国内起債市場を斬る 起債評価:8/17~8/21

起債市場は旧盆の休みを越えたものの、まだ募集される債券は公的セクターが主体である。しかし、上期末に向けた民間企業の起債準備も徐々に進んでいるようだ。特に、劣後債やグリーンボンド等SDGs債の募集を準備しているという話は少なからず伝わって来ている。通常の一般的な優先債と異なる特性を持つために、ニュースのネタになり易いために報道されることは多くなるのであるが、発行体の裾野拡大と同時に投資対象の多様化という意味では評価して良いだろう。

しかし、いずれにせよ通常の一般優先債と異なる証券特性を有していることに十分留意した上で評価を行い、投資判断を行うことが必要である。特に、劣後債で期限前償還可能タイミングに償還されず変動利付債となった場合、ユーロ円ライボー連動となるようなスキームの場合には、ライボーの後継指標金利の行く末を意識する必要がある。それでなくとも優先債の証券情報・発行要項よりも複雑な債券の内容を確認するのには、骨が折れる。それでも、十分な吟味が必要であることを忘れてはならない。
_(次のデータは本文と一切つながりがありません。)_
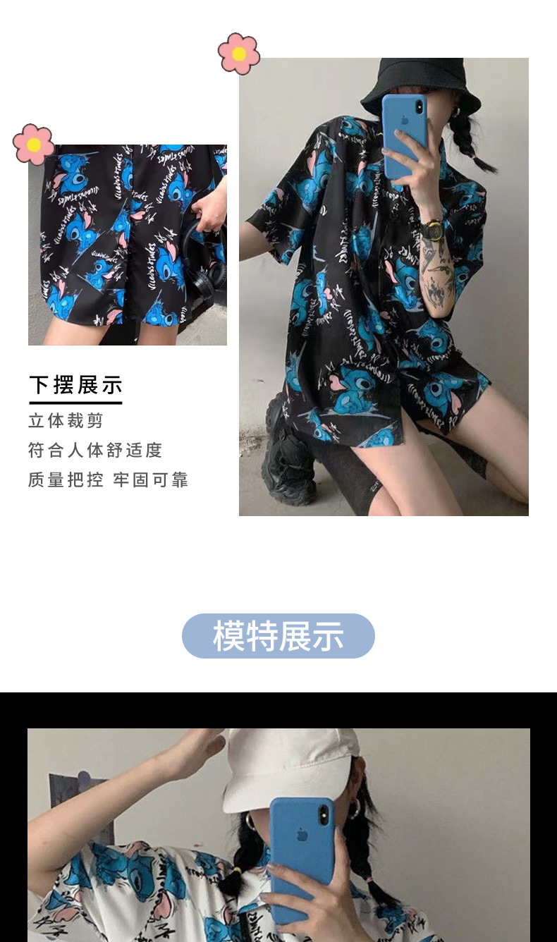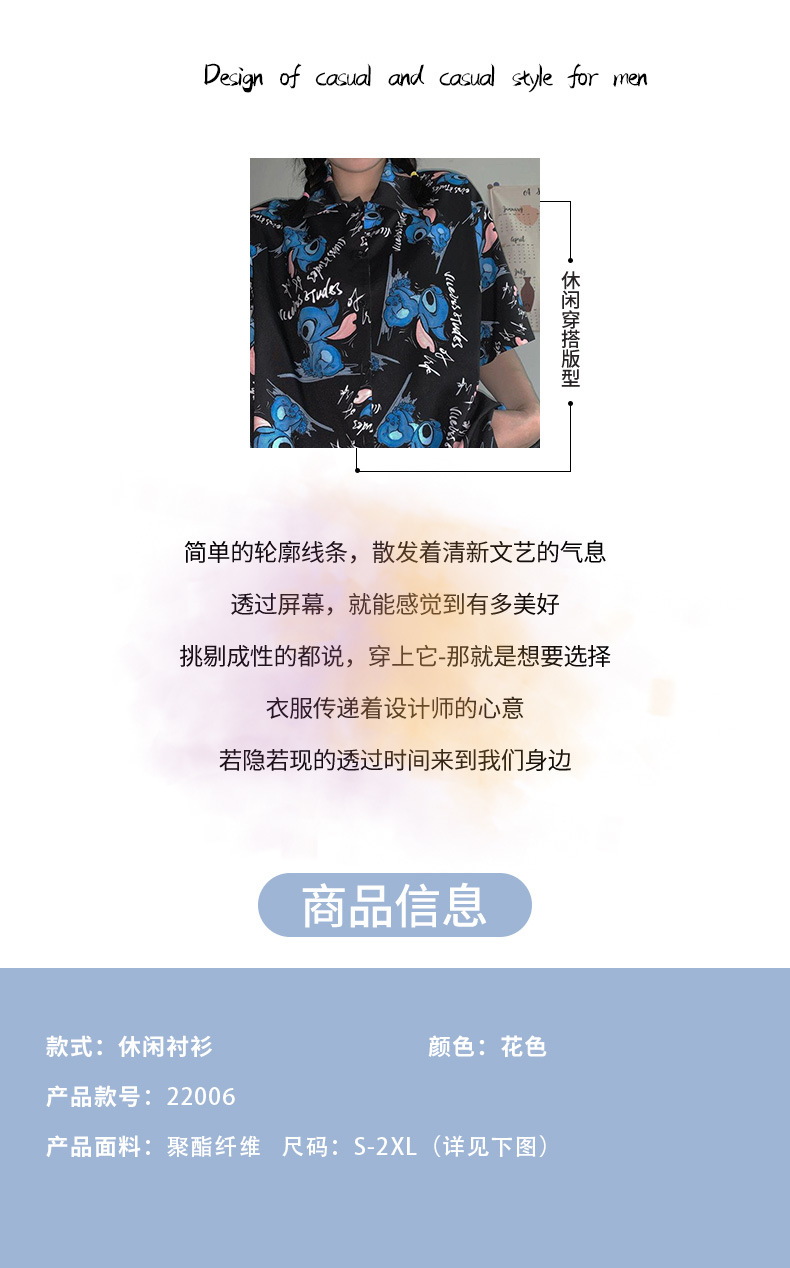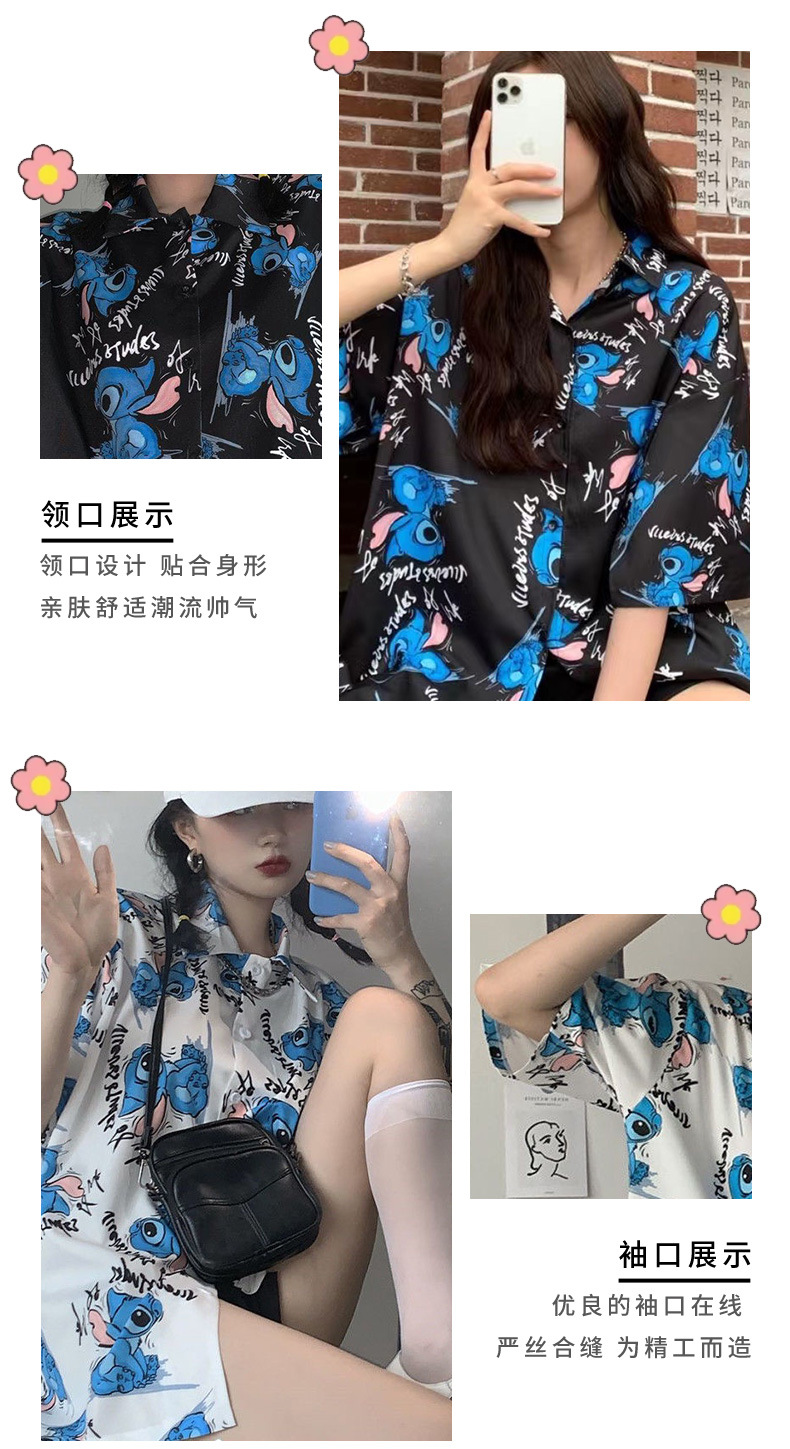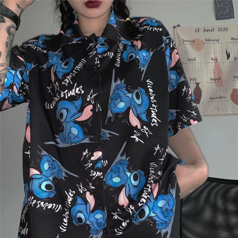 셔츠 여성 여성 디자인 감각 틈새 짧은 소매 새로운 여름 얇은 한국 스타일 느슨한 만화 인쇄 셔츠스토어 가기

民間企業の社債としては、西日本旅客鉄道が5本立て計1,100億円という大型の募集を行っている。最近の同社及びJR東日本等で見られる年限選定の形であるが、今回は10年刻みの複数年限のみを募集するという形式である。今回選択されたのは、10年債・20年債・30年債・40年債に50年債という組み合わせで、40年債のみ300億円であるが、他は200億円ずつの募集とされた。JRの安定した経営基盤に対する評価はあるものの、近年の地震や豪雨災害等による被害もあって、必ずしも順風満帆な経営状態ではない。一方で、JR東海のようにリニア新幹線の建設負担といった重荷もないことから、R&IによるAA格という評価は妥当であろう。10年刻みの年限設定は、50年債こそ同年限の参照国債が存在しないものの、それ以外は国債発行年限と一致させており、国債対比の評価は難しくない。

難しいのは、数十年に渡る同社の経営環境に対する見通しか。鉄道事業そのものが陳腐化してしまう可能性や、人口の減少による運営コストの高止まり等懸念材料は少なからず存在する。一方で、同社が破綻するような運賃設定は国土交通省の認可を得られるはずもなく、地域住民の利便性確保とのバランスが要求されることになる。収益性が後回しになり経営状況の悪化した国鉄と同じ道を歩まないための民営化であり、上場企業に対してどこまで公益性を意識させるかという問題が常に付きまとう。果たして地方の赤字路線を何処まで切り捨てられるのか。株式未上場のJR北海道やJR四国の方が先行して収支の悪化が必至であるものの、それらをJR東日本やJR西日本に単純に統合して救済するようであれば、旧国鉄への先祖返りでしかなく、問題の先送りでしかない。日本の人口減少は、一部を除く地方から深刻になり、大都市圏にまで及ぶことは間違いなく、クレジット投資に当たっては償還までの十分に長い目線が求められるのである。